→ **About this exercise**
Repeat verbatim each line from the line with "Selling a lovely" to the end of the entries. Pictures do not belong in the copy.

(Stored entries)
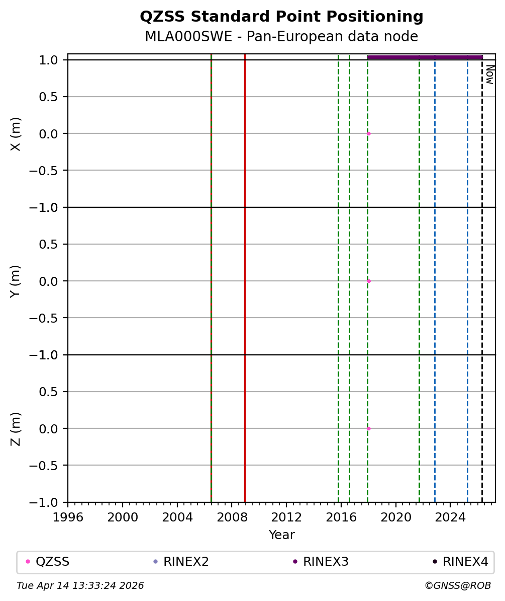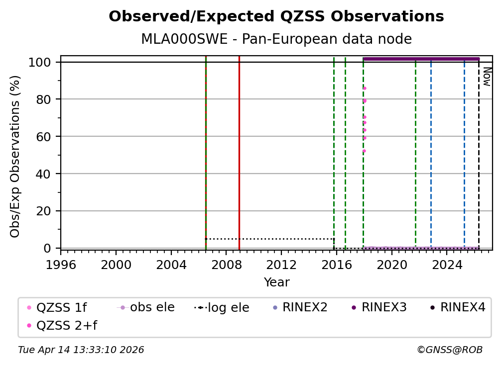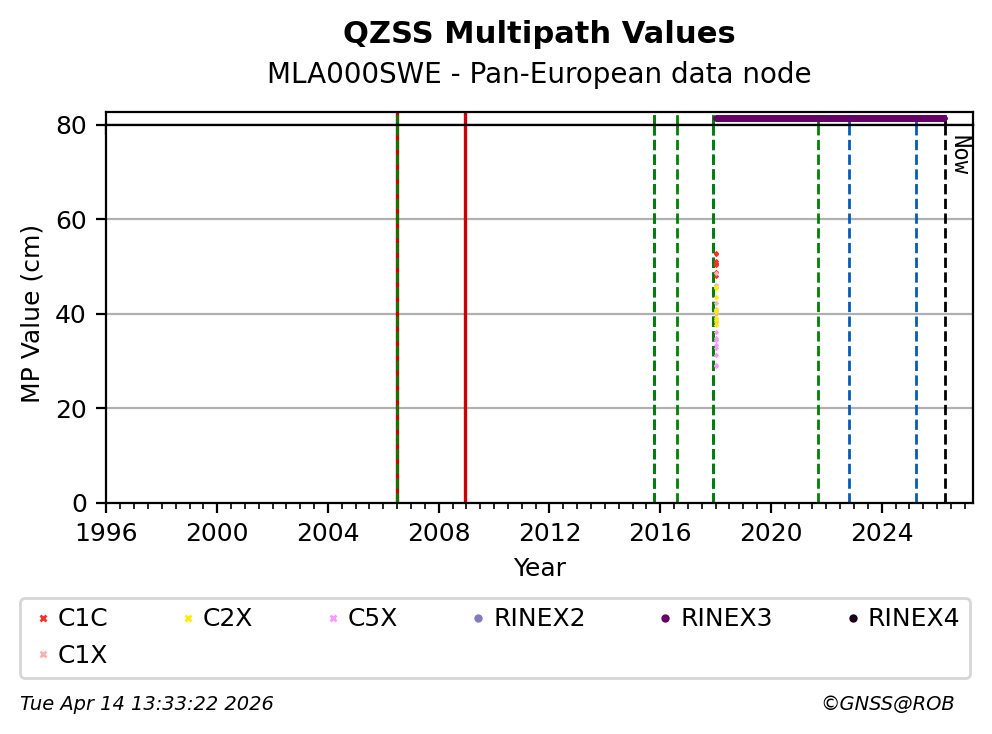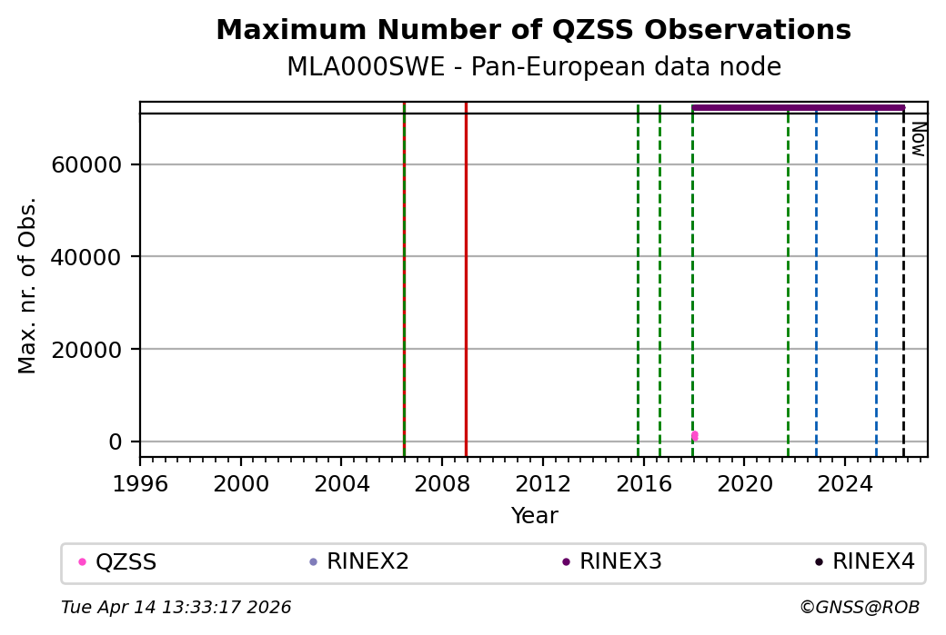The plots below present the long-term tracking performance of the EPOS-GNSS station MLA000SWE based on the daily RINEX data available from the Pan-European EPOS-GNSS data node. The data quality metrics have been computed at the data node using the G-Nut/Anubis software.
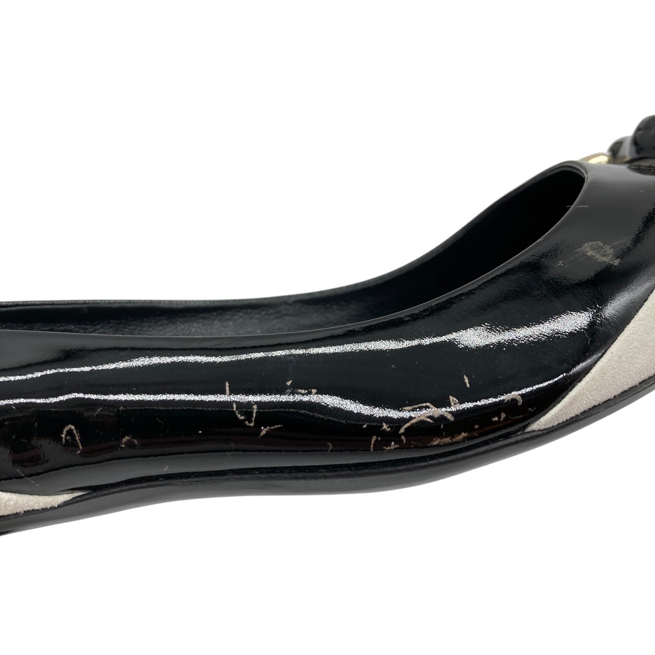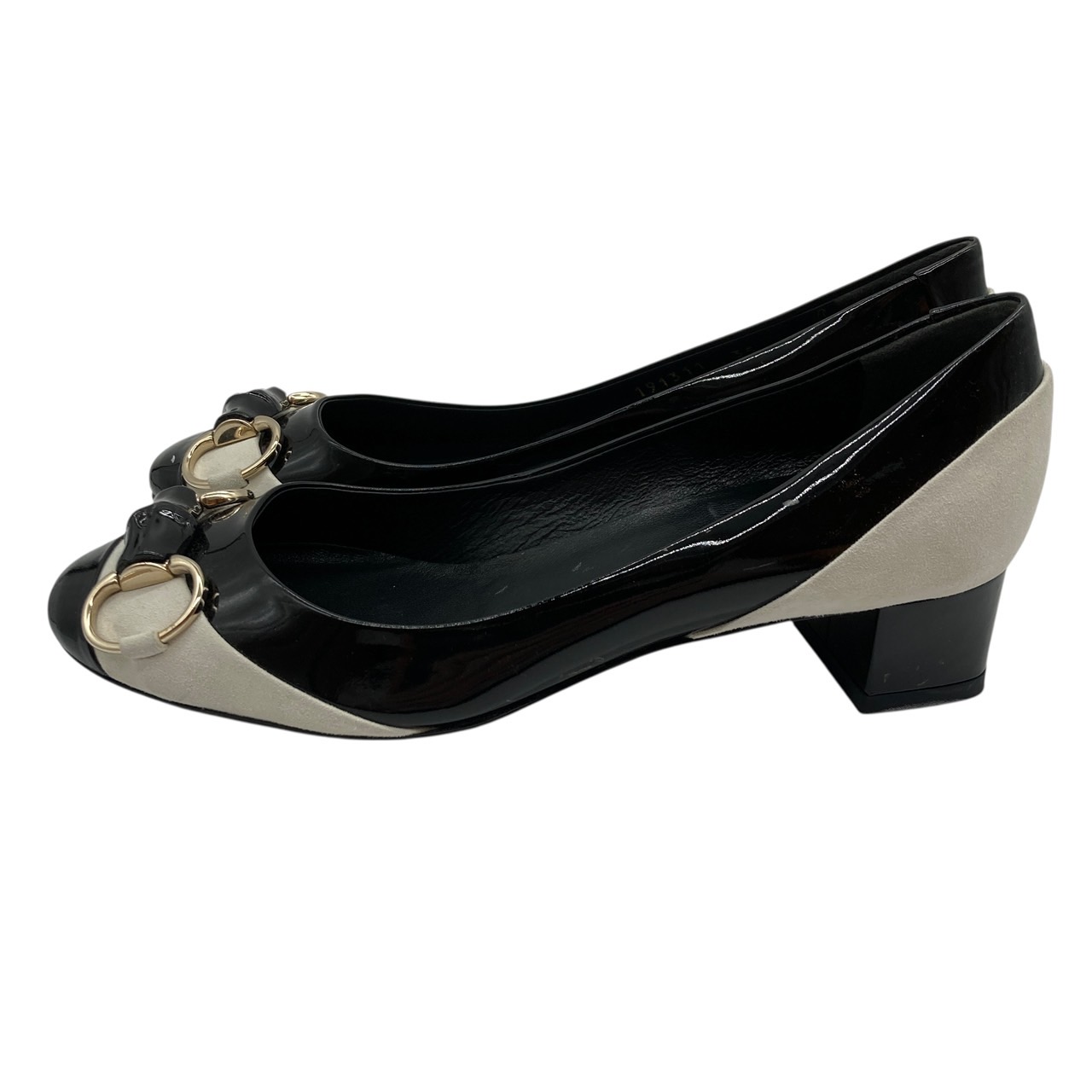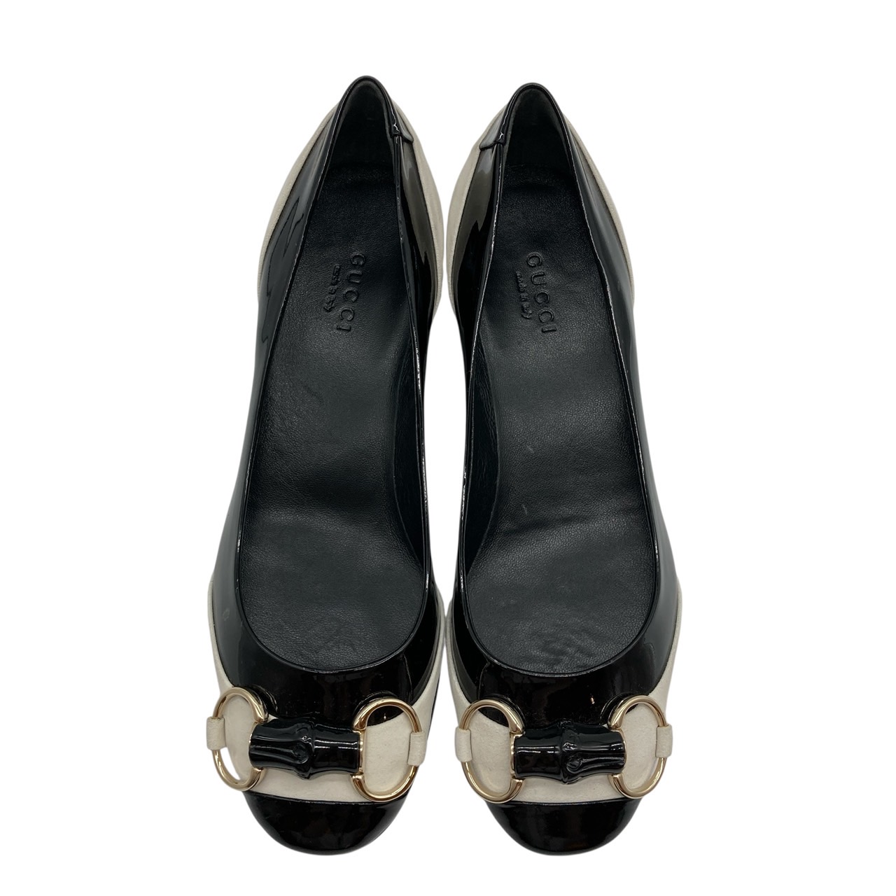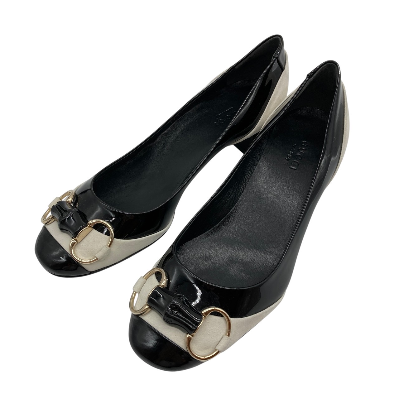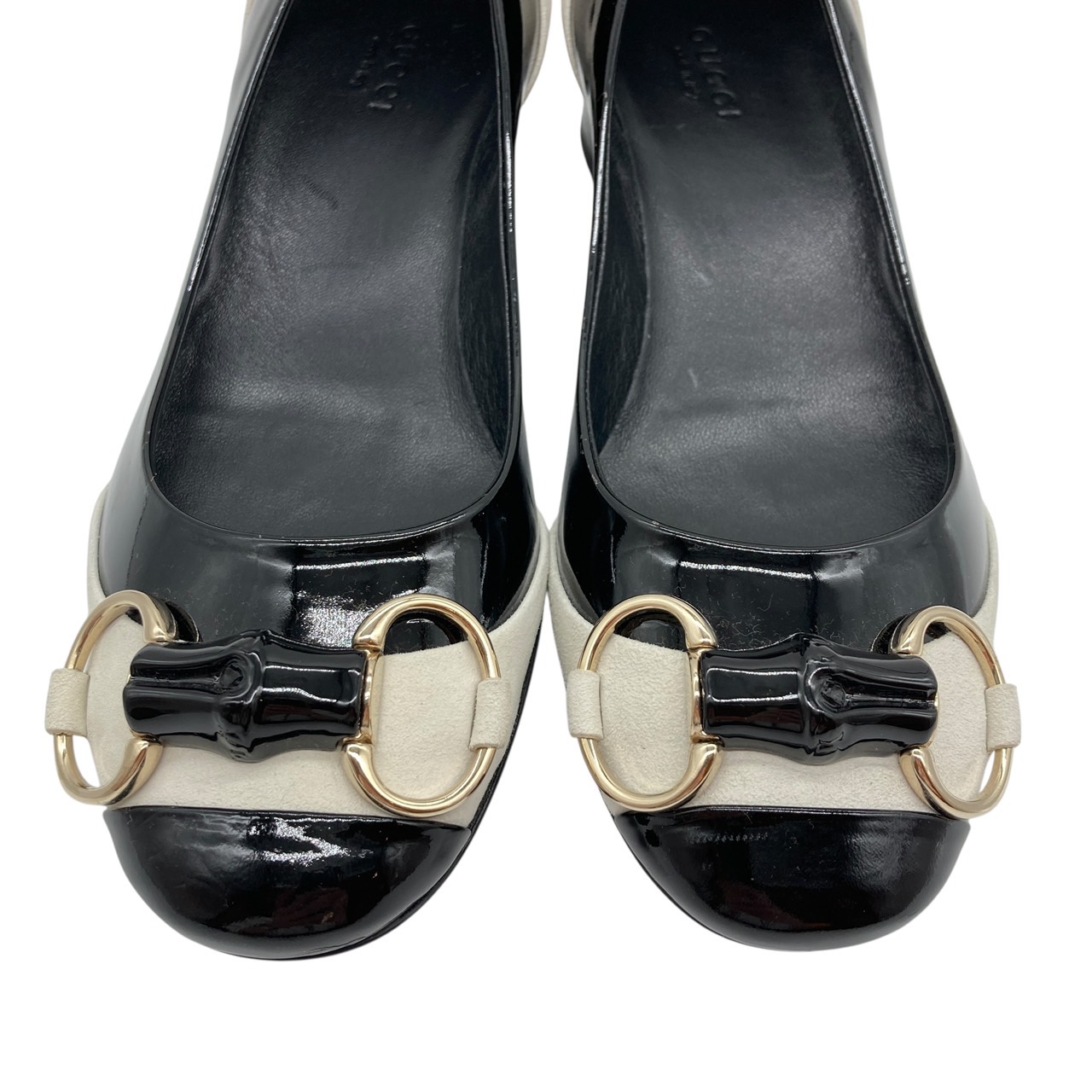 バンブー ホースビット エナメル スエード ヒール パンプス 白×黒 35C エナメル剥げ
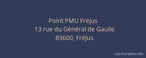 Vous pouvez renseigner les horaires Point PMU situé à Fréjus,
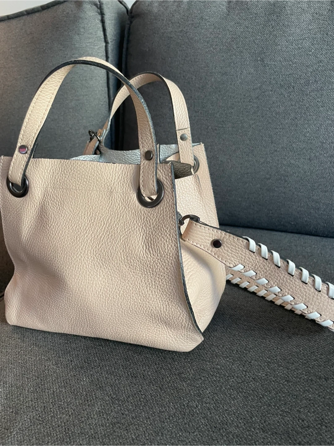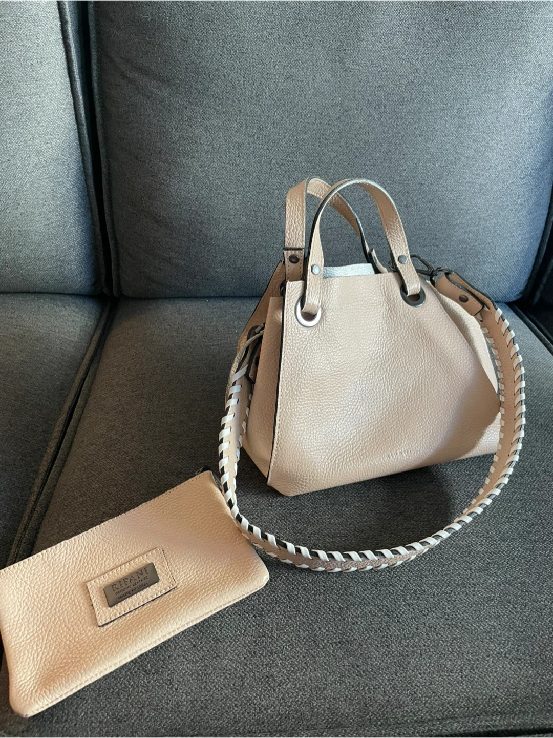 Selling a lovely Ripani handbag made in Italy! It's a beautiful beige colour and made of leather. It comes with a matching pouch. Perfect for everyday use or a special occasion.
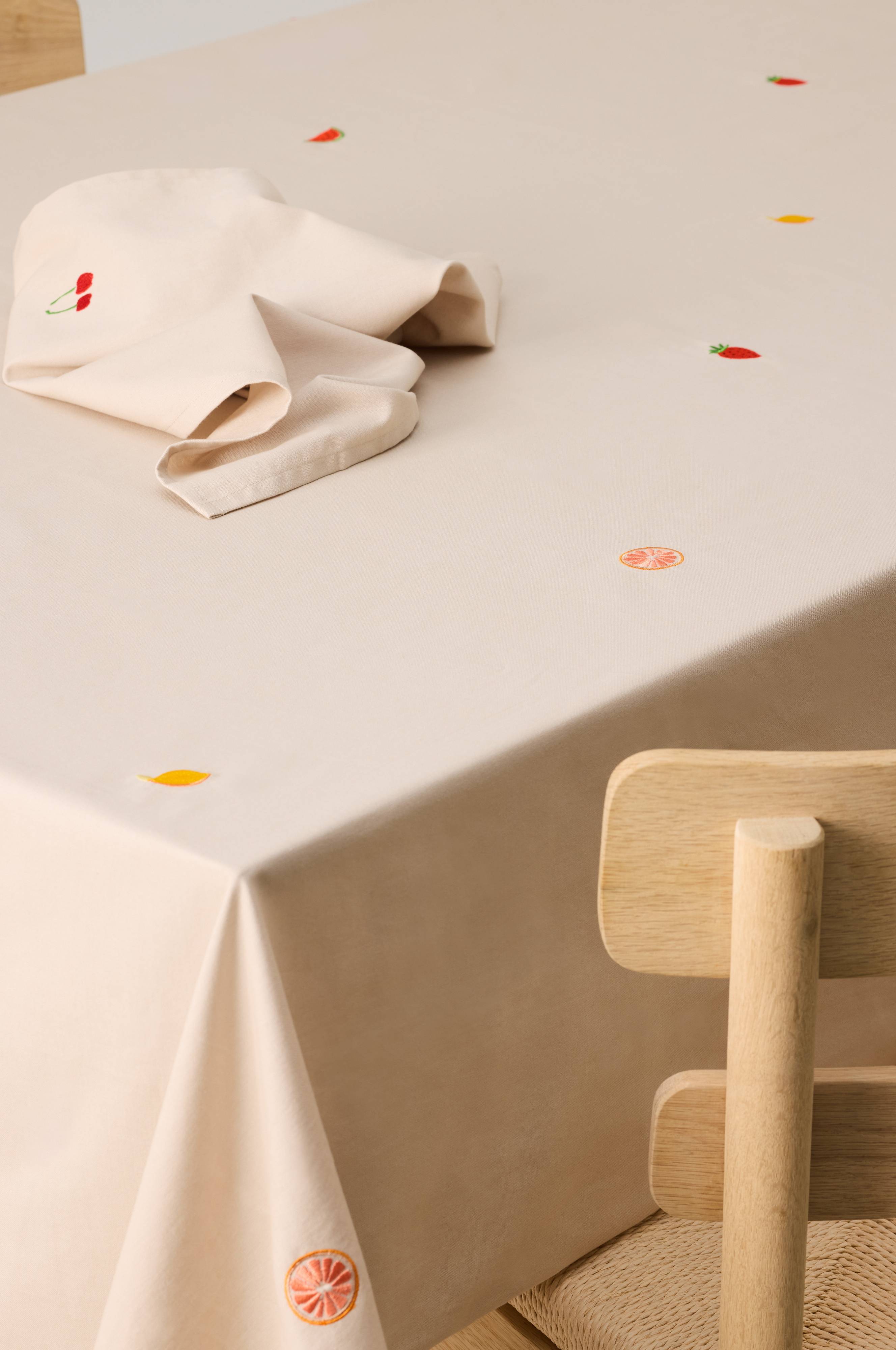 Obrus CILIA ma gładką podstawę ozdobioną haftowanymi owocami, tworząc uroczy punkt centralny dla Twojej jadalni. Doskonale łączy klasyczne elementy z nowoczesnym stylem, dzięki czemu każdy posiłek będzie wizualnie zachwycającym doświadczeniem. Idealny do modnych wnętrz.

→ **The answer**
 Selling a lovely Ripani handbag made in Italy! It's a beautiful beige colour and made of leather. It comes with a matching pouch. Perfect for everyday use or a special occasion.
 Obrus CILIA ma gładką podstawę ozdobioną haftowanymi owocami, tworząc uroczy punkt centralny dla Twojej jadalni. Doskonale łączy klasyczne elementy z nowoczesnym stylem, dzięki czemu każdy posiłek będzie wizualnie zachwycającym doświadczeniem. Idealny do modnych wnętrz.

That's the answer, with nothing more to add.